◆ **Extracted information**:
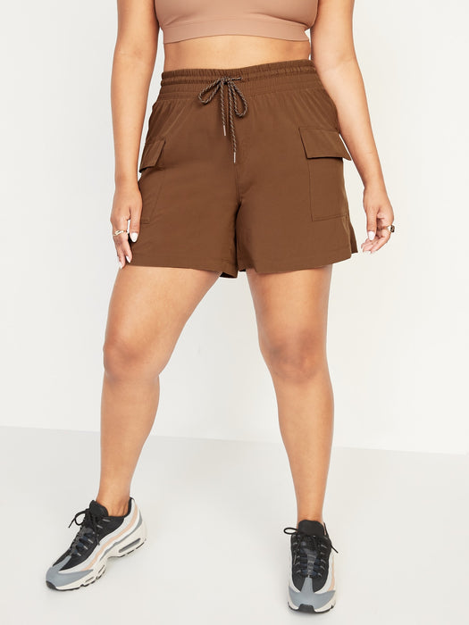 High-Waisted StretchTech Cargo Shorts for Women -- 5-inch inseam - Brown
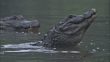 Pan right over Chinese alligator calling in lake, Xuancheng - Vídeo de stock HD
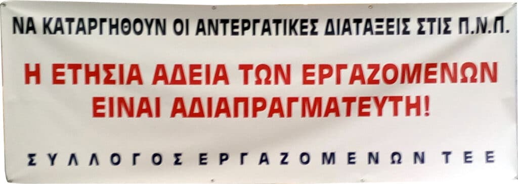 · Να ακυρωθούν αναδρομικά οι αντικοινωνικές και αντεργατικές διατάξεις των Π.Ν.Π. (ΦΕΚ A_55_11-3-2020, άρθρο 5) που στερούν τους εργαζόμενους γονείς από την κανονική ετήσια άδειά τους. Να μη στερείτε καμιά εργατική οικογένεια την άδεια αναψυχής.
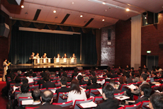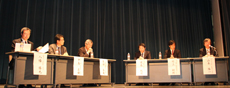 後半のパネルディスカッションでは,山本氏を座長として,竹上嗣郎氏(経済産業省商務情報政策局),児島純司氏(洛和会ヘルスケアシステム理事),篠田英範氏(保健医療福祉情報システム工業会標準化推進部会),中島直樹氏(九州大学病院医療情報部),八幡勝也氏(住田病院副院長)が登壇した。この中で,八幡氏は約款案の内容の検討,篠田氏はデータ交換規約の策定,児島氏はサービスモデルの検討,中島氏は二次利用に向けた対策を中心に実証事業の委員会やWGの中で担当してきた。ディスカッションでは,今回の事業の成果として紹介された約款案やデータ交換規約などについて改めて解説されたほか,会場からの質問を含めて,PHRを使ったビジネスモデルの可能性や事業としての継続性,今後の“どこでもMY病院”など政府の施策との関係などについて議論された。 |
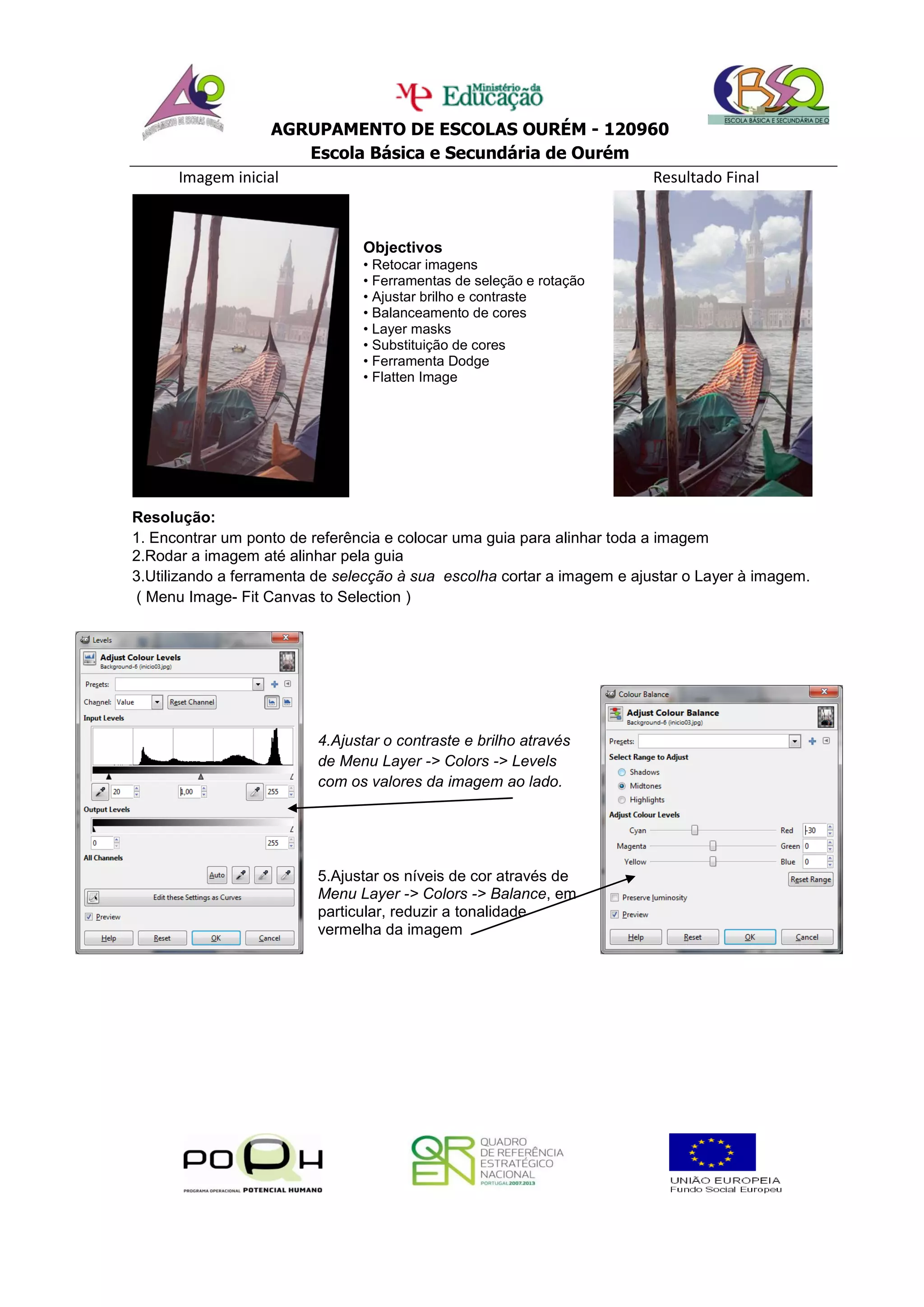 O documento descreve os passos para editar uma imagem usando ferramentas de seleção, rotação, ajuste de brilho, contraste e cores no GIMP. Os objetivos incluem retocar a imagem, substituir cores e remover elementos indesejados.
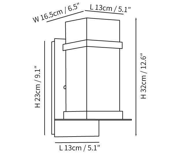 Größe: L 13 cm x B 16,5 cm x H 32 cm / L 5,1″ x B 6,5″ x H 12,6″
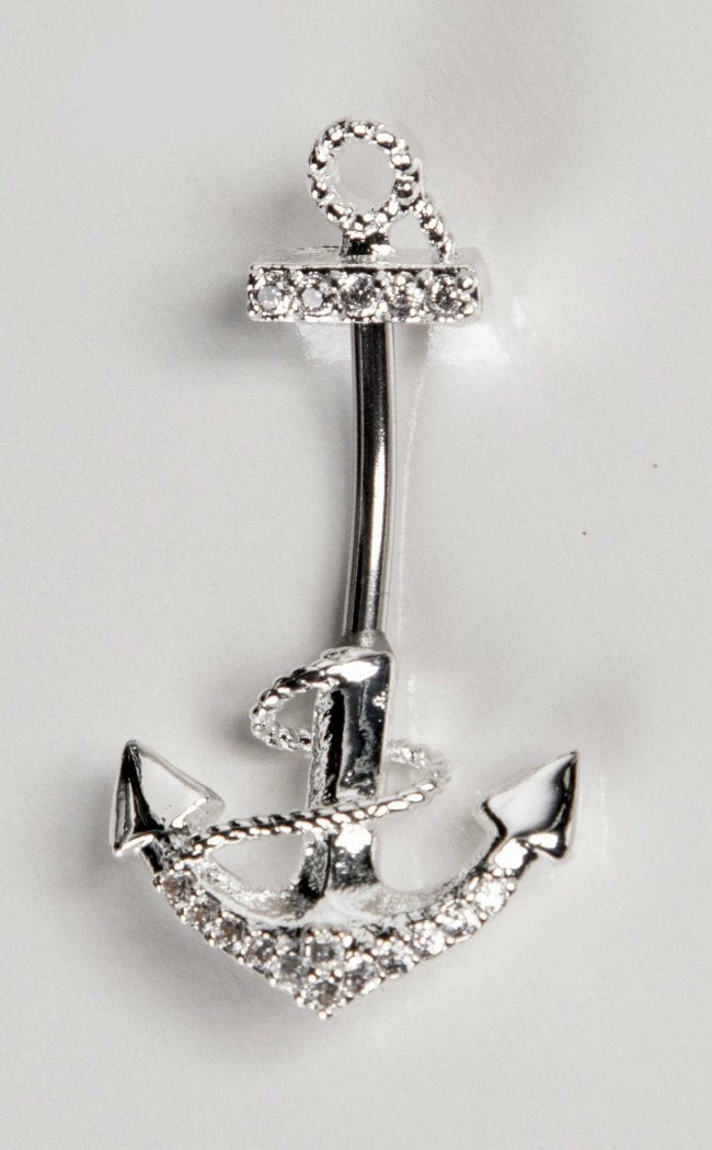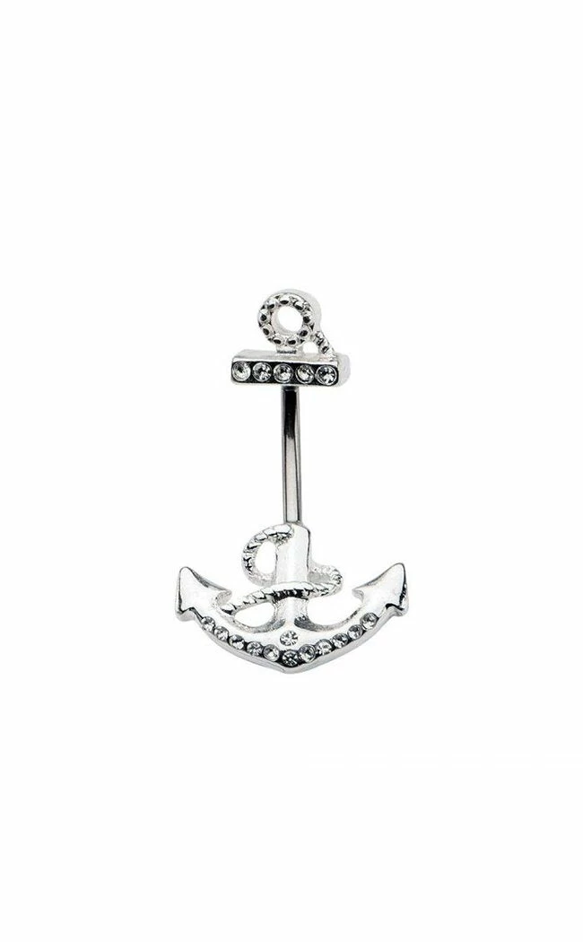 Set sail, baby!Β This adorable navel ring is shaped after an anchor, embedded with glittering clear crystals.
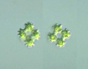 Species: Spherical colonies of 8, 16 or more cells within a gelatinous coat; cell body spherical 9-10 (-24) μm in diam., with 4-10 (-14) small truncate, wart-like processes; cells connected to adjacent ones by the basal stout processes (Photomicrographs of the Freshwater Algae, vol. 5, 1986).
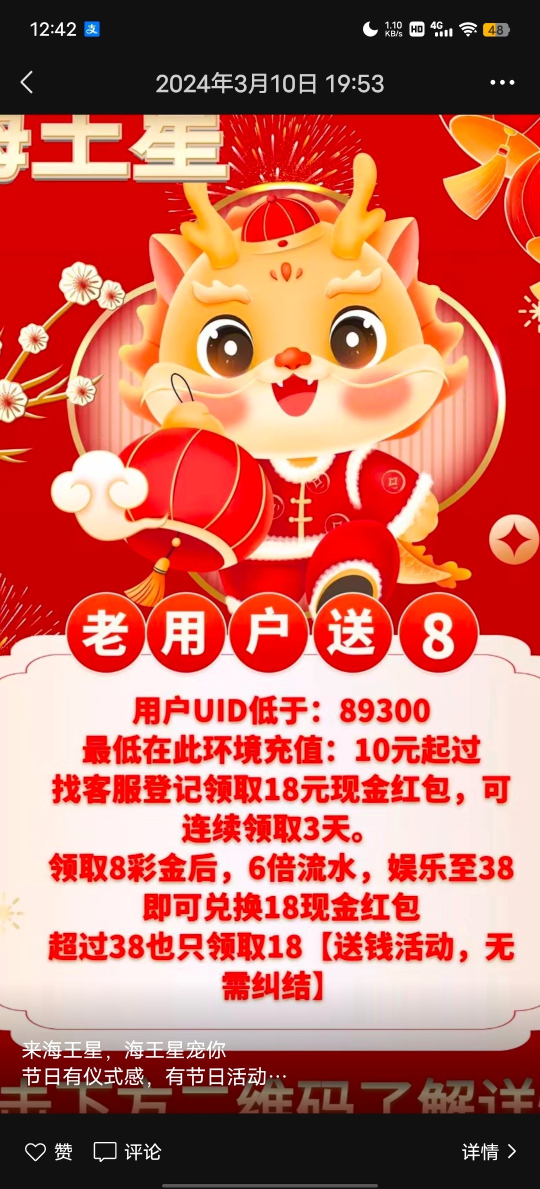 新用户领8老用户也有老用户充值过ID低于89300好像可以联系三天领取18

◆ **Problem**: Please give again only those lines that run from the one containing "Pan right over" through the final line of the listing, both included, exactly as written and without pictures.

◆ **Answer section**:
 Pan right over Chinese alligator calling in lake, Xuancheng - Vídeo de stock HD
 · Να ακυρωθούν αναδρομικά οι αντικοινωνικές και αντεργατικές διατάξεις των Π.Ν.Π. (ΦΕΚ A_55_11-3-2020, άρθρο 5) που στερούν τους εργαζόμενους γονείς από την κανονική ετήσια άδειά τους. Να μη στερείτε καμιά εργατική οικογένεια την άδεια αναψυχής.
 後半のパネルディスカッションでは,山本氏を座長として,竹上嗣郎氏(経済産業省商務情報政策局),児島純司氏(洛和会ヘルスケアシステム理事),篠田英範氏(保健医療福祉情報システム工業会標準化推進部会),中島直樹氏(九州大学病院医療情報部),八幡勝也氏(住田病院副院長)が登壇した。この中で,八幡氏は約款案の内容の検討,篠田氏はデータ交換規約の策定,児島氏はサービスモデルの検討,中島氏は二次利用に向けた対策を中心に実証事業の委員会やWGの中で担当してきた。ディスカッションでは,今回の事業の成果として紹介された約款案やデータ交換規約などについて改めて解説されたほか,会場からの質問を含めて,PHRを使ったビジネスモデルの可能性や事業としての継続性,今後の“どこでもMY病院”など政府の施策との関係などについて議論された。 |
 O documento descreve os passos para editar uma imagem usando ferramentas de seleção, rotação, ajuste de brilho, contraste e cores no GIMP. Os objetivos incluem retocar a imagem, substituir cores e remover elementos indesejados.
 Größe: L 13 cm x B 16,5 cm x H 32 cm / L 5,1″ x B 6,5″ x H 12,6″
 Set sail, baby!Β This adorable navel ring is shaped after an anchor, embedded with glittering clear crystals.
 Species: Spherical colonies of 8, 16 or more cells within a gelatinous coat; cell body spherical 9-10 (-24) μm in diam., with 4-10 (-14) small truncate, wart-like processes; cells connected to adjacent ones by the basal stout processes (Photomicrographs of the Freshwater Algae, vol. 5, 1986).
 新用户领8老用户也有老用户充值过ID低于89300好像可以联系三天领取18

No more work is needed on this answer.